言子玉白影飘然,皇城的城门已关,要等到次日凌晨才会打开,虽然现在已经过了半夜,但看天色,也需等待几个时辰才能天亮,言子玉走至一处开着门营业的客栈兼酒楼处停了下来,反正也是出不去皇城,索性便在此稍作休息。
“哟,客官,住店吗?”店小二见言子玉走进来,忙上前去招呼,本来夜间客人就少,难得有这么一位衣着华丽的人来此。
言子玉坐到桌前:“不住,给我上几壶好酒。”
“好嘞!客官稍等片刻!”店小二见此人不仅穿的好,而且长得也是俊朗,只是说话声音有些冷,但一见其就是个有钱人,于是忙去招呼上酒。
等到酒端上来,店小二为其斟了一杯后退下,言子玉看着面前在酒盏中摇晃的美酒却只是发呆,没有立即喝下,本来他几乎不怎么沾酒,只是偶尔与尚名卫的一干下属去喝上几杯,但每次都是适可而止,他自己独酌,这倒还真是第一次。

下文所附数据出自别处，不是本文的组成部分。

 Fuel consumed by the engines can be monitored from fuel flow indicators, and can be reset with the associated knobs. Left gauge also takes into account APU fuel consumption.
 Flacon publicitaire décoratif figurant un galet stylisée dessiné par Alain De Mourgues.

都云酒乃穿肠毒药,可在人忧愁时,这酒却成了解愁之物。
言子玉端起酒盏,仰头一饮而尽杯中酒,却不由得苦笑起来,好像因着他的脾气随和,向来都是旁人伤他,现下,他却竟第一次伤起别人来,原来他只以为被伤害很难受,可如今看起来,伤人者似乎更难受。
又一杯酒下肚,果然刺激的肠胃都辛辣苦痛。
这边忽地浩浩泱泱的来了一群人,为首的是一个锦袍中年男子,其余都是服饰统一的侍卫模样打扮的人,这一干人吵吵闹闹的进来,店小二忙上前去招呼:“哟,官爷,您住店还是打尖?”
锦袍男子身边的一人道:“住店!要几间上等的客房!”
店小二连连哈腰点头应着:“好嘞!”
一干侍卫围着那锦袍的中年男子往楼上走去,锦袍男子不经意间瞥到一旁独自喝酒的言子玉,眼前顿时一惊,狠辣的目光顺向言子玉,停住了欲上楼的脚步,转而向言子玉走过来。

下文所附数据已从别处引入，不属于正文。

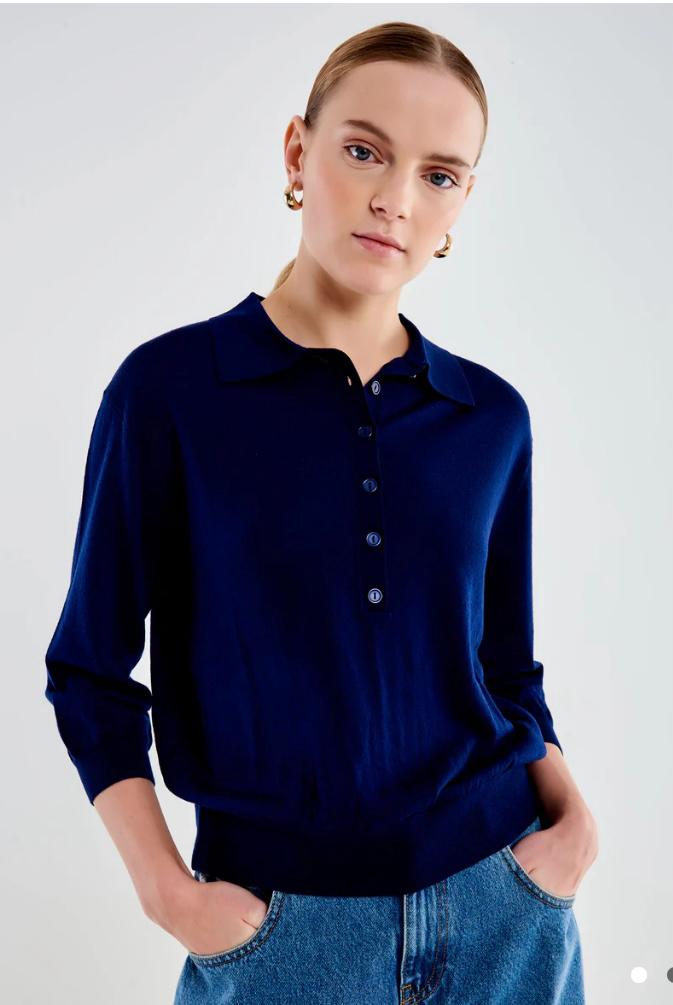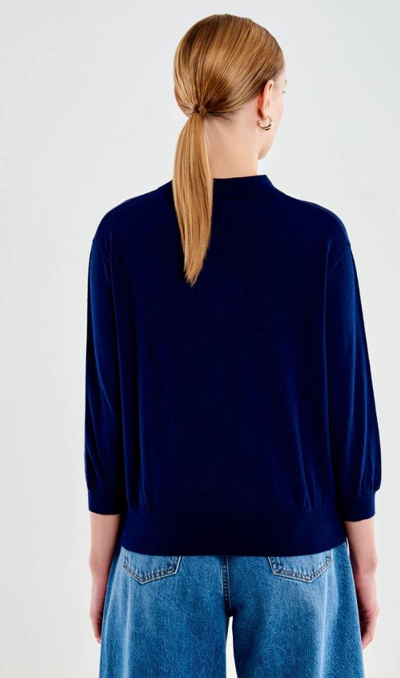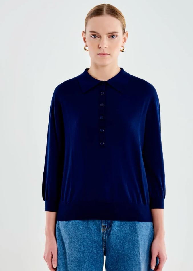 Polo in maglia a maniche tre quarti con colletto. Chiusura frontale con bottoncini. Finiture a costine.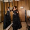 فستان سهرة أسود فاخر بتطريز أخضر
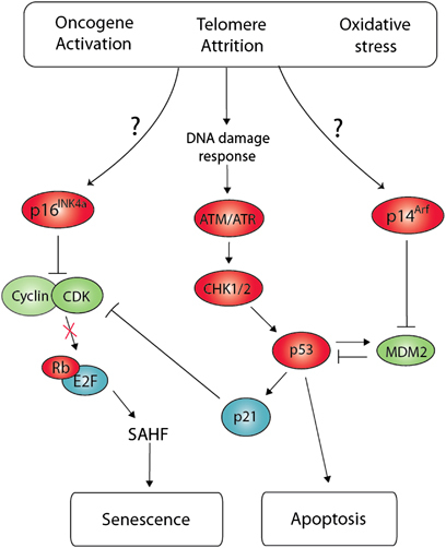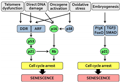 The senescence programme is activated once a cell has suffered a critical level of damage of any kind. Senescence is established and maintained by the p53 and p16- Rb tumour suppressor pathways. Both p53 and Rb pathways are activated in parallel and are able to induce cell cycle arrest independently; however, both interact at various levels and cross-regulate each other, making them a highly complex stress-signal integration and processing unit. Both, p53 and Rb are transcriptional regulators with upstream regulators and downstream effectors.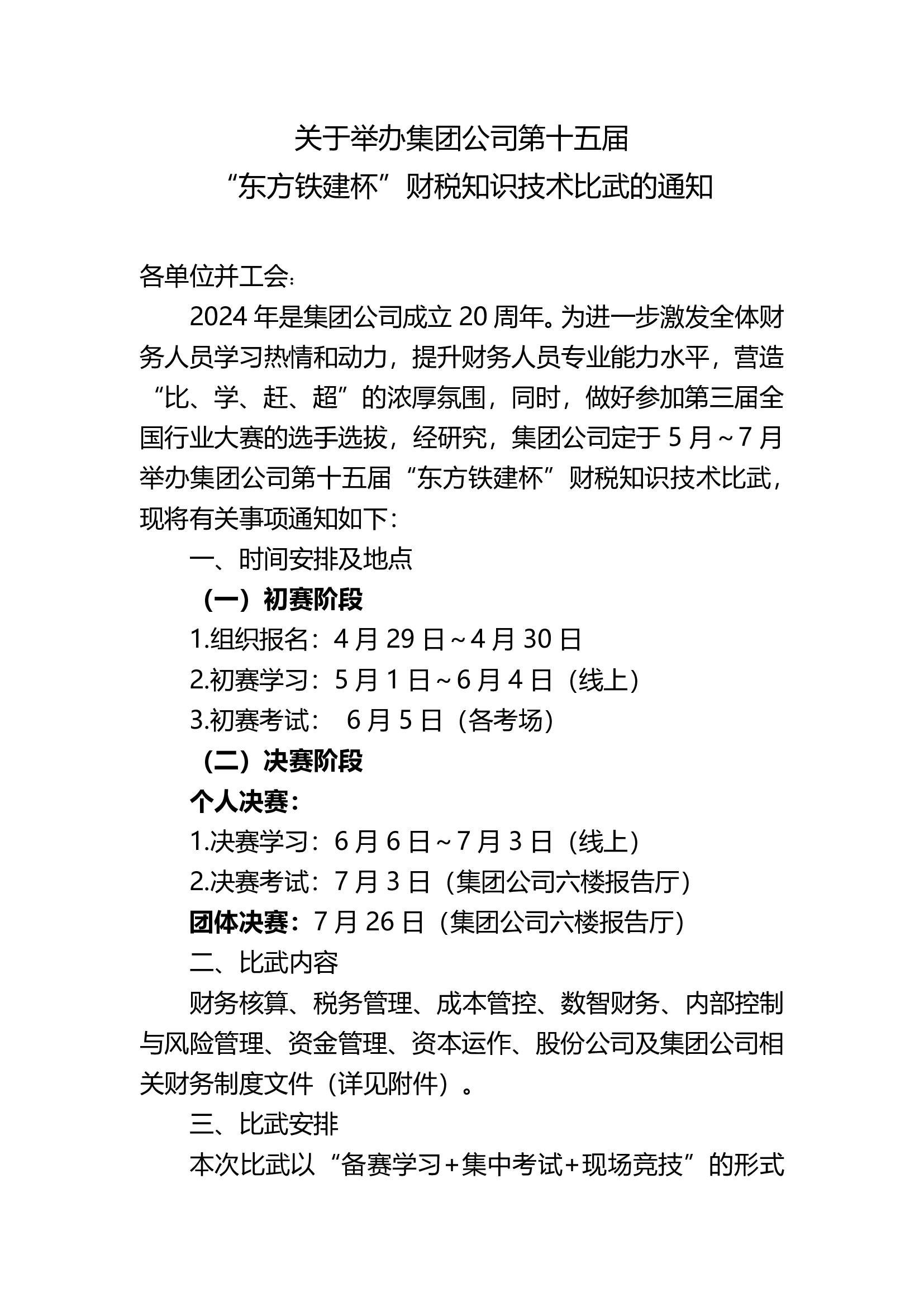 【竞赛通知】关于举办集团公司第十五届“东方铁建杯”-财税知识技能比武的通知

言子玉抬起眼皮看向正要坐到自己对面凳子上的锦袍男子,忆起这人便是那日落玉楼上追着楚宫央而来的人,自己还与其对了一招的振边侯!
言子玉还是不急不缓的品着酒,振边侯此时已坐在他对面,深邃而充满杀意的眼眸盯着言子玉,随后开口道:“连公子,真是幸会,这等天色了,还能在这客栈中遇到,是不是很有缘呢?”
言子玉放下酒盏,浅笑道:“是很有缘,能在京都见到侯爷住进客栈,也是稀罕事一件呢。”

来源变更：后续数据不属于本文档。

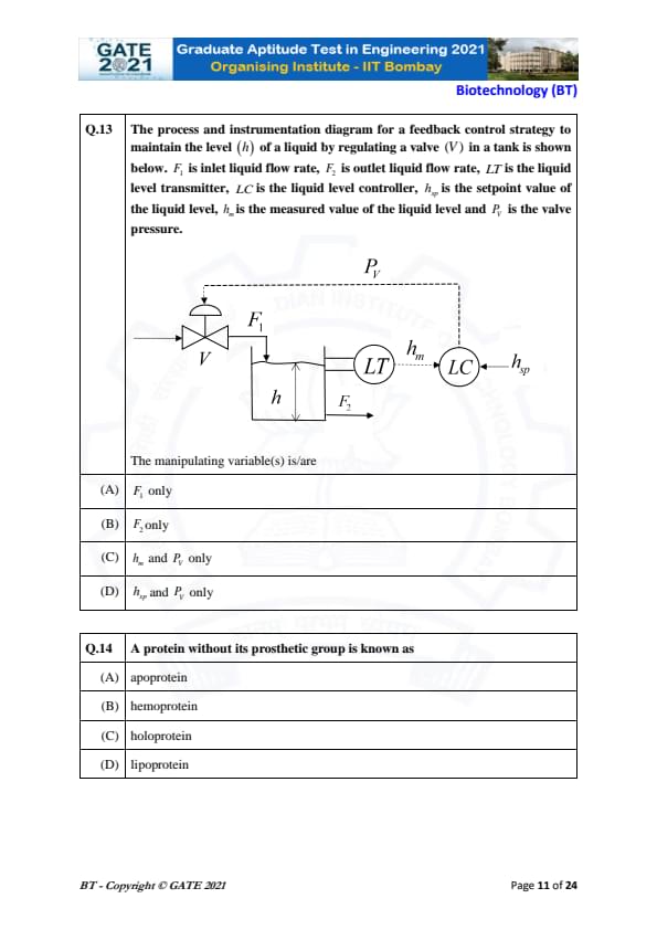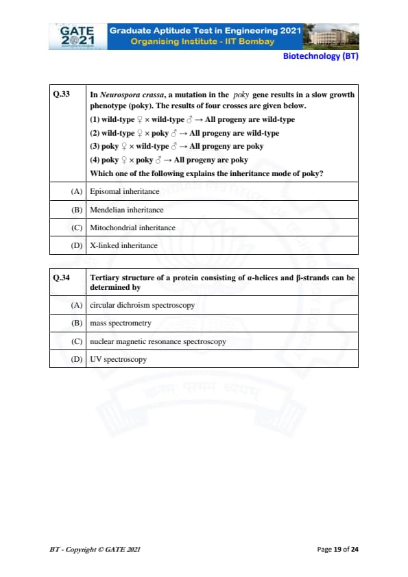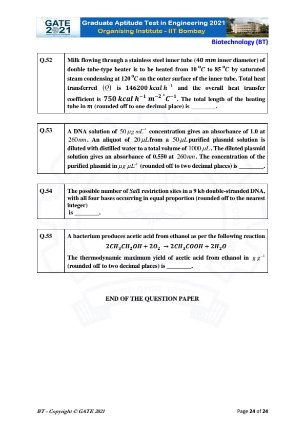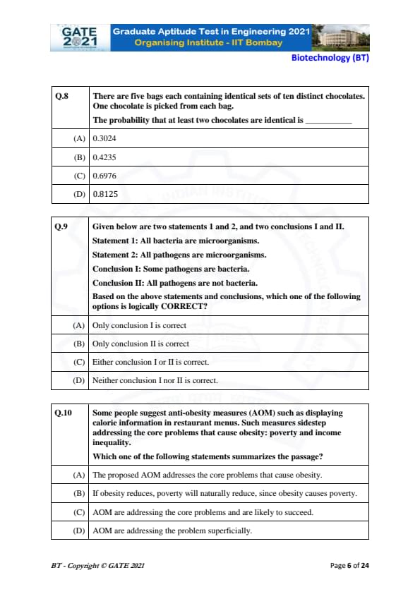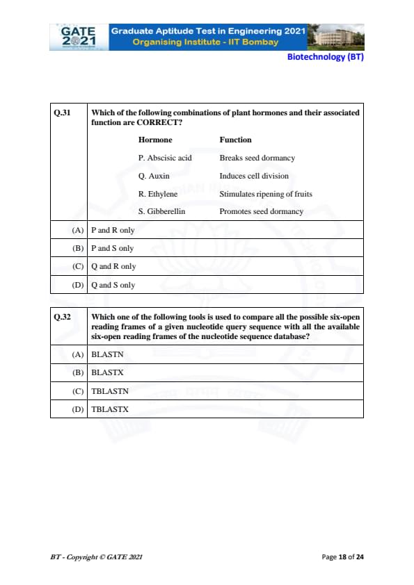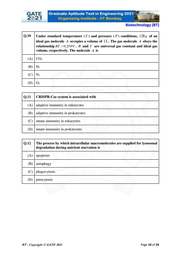 GATE 2021 BT Question Paper with Answer Key - Forenoon Session

振边侯的目光骤然紧缩,锋利的如同一把利剑,几乎下一秒就要将言子玉刺穿,振边侯冷冷笑道:“阁下的内功修为不错,本侯也很少棋逢对手,今日你我既然有缘,那不如再切磋切磋如何!”
这绝不是商量的口吻,他说完的下一秒钟,他身旁的侍卫便一脚踢翻了这饭桌,言子玉翻身一跃,轻飘飘的立于地上,没有被他踢翻的饭桌木屑碰触到一分,木桌碎裂,落于地面上,而这时,振边侯突地借着木桌的阻碍,出手向言子玉攻来。
木桌在前,振边侯紧随其后,言子玉运功挥去空中破碎的木桌,可振边侯此时已一掌攻来,言子玉亦出掌相抗,刚一接触,便觉一股强大的力量从对方手心中传来,言子玉登时感觉胸口一颤。
知自己不是他的对手,便撤开手掌闪向一边,振边侯这一掌打空,掌风击在了客栈的木窗之上,那木窗顿时碎裂。
振边侯收掌看向言子玉,只刚刚那一掌,他已试出言子玉内力亏损,似有内伤在身,否则不会连他一成的掌力都接不下来。
这样一来,便大可放心,想起落玉楼那一掌时,他没能全力应对,反而受了言子玉一掌,这一掌之仇,不仅害得他失了雪明珠,而且与齐向天交手时还颇为吃力,以至于被正刑司发觉到,这些仇,今日定要讨回来!